In [None]:
import pandas as pd
import numpy as np
import matplotlib.pyplot as plt;
import sys
import pyemu
assert "dependencies" in pyemu.__file__
sys.path.insert(0,"..")

# Introduction
"EVA" stands for "ensemble variance analysis" and “DSI” stands for “data space inversion”. EVA enables the exploration of a model prediction's posterior distribution without requiring the exploration of the posterior distribution of model parameters. In other words, using a few model runs from a prior Monte Carlo run, forecast uncertainty is estimated both before (prior) and after (posterior) incorporating the observation (or potential observation) dataset through history matching. But, the history matching isn't required - this is an approximation. Starting to sound like FOSM? The maths and ideas are very similar! We are just able to skip the expensive Jacobian calculation in this approach. An extension of this is to treat the EVA surrogate model as if it were a process model, define "parameters" that control its behavior, and then approximate history matching using the surrogate to evaluate potential improvement to forecast calculations. That extension is DSI. 
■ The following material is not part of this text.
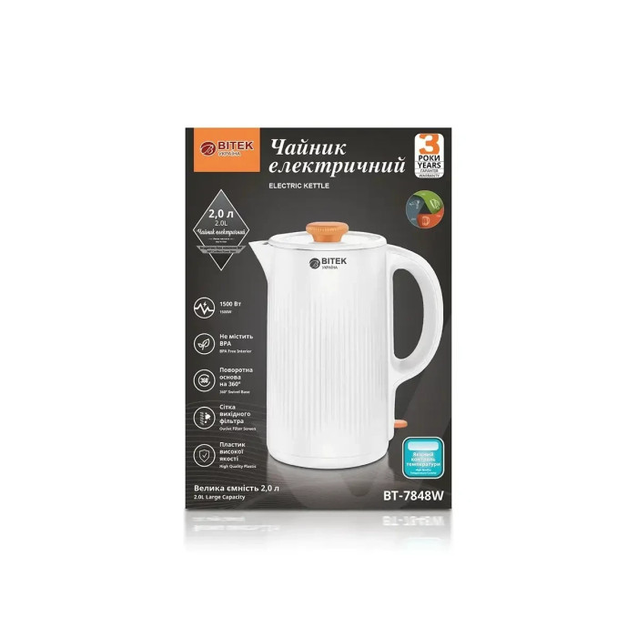 Электрический чайник 2л 1500Вт BITEK BT-7848W

So how does it work? This is achieved by constructing a surrogate model using principal component analysis (PCA) of the covariance matrix of model outputs (i.e., observations and forecasts). This matrix links model outputs corresponding to field measurements with predictions of interest. The resulting predictions are then conditioned on real-world measurements of system behavior.

The main steps are:
1. Generate an ensemble of model outputs (both historical measurements and forecast quantities) simulated using with a parameter ensemble, usually the prior in a Bayesian sense. 
2. Construct a surrogate/data-driven model from the covariance between historical and forecast model outputs.
3. Condition/train the surrogate model with measured data.
3. retrieve the emulated forecasts' posterior probability distribution.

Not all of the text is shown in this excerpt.